There are a few other things to keep in mind with older cats. Senior pets are often very sensitive to weather changes. Your kitty could get chilly as her fur is drying. You don’t want that! Make sure that your furry friend stays warm while she is drying off. You can blow dry Fluffy, using a low setting, if she doesn’t mind, but don’t force it.

The big thing is to make your pet enjoy being groomed. She may even look forward to her beauty sessions if she associates brushing with being pampered.  

Of course, if your cat does not enjoy being brushed, she will struggle, making the process not only less enjoyable for you both, but it will also make it harder next time around.
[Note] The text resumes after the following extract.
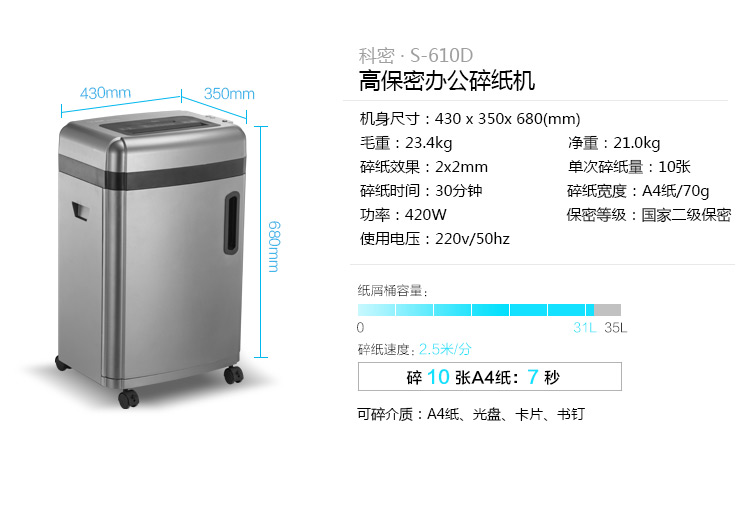 科密S-610D 碎卡光盘保密商用碎纸机

Make sure you wait until your cat is relaxed and cuddly. If your pet loves to curl up on your lap at night, this is a purrfect time.
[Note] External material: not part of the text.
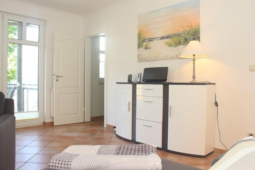 Diese Ferienwohnung mit möbliertem Balkon in Ausrichtung zur Ostsee (Norden), welchen Sie vom Wohnzimmer aus erreichen, lässt Urlaubsstimmung aufkommen. Im Herbst/ Winter können Sie sogar einen Blick auf die Ostsee erhaschen.

Pet her gently in the direction of her fur. Start with just your hand and then slowly incorporate the brush.

Work in some cuddles and some sweet talk to keep Fluffy relaxed. You can even offer treats or catnip!

Don’t be surprised if your furry friend starts her engine. Many cats love being pampered. (Actually, Fluffy enjoys being waited on hand and foot (or front and back paw) but that’s another topic.)

How Long Should Kitty Grooming Sessions Last?

We’ll leave this one up to Fluffy. When your cat is done with something, she will probably let you know by just walking away. Do not force her to do anything beyond this. An unhappy cat is difficult to brush or bathe, as some of you have probably learned. Forcing things is a good way to get scratched! Also, when you try to groom her again, she may retreat under the bed and give you that death stare that kitties are so famous for.

There’s another issue here as well. If your feline friend is struggling, this increases the risk of her falling or slipping.

If your pet gets something spilled on her fur, or if she is very soiled or matted, call your vet or a professional groomer.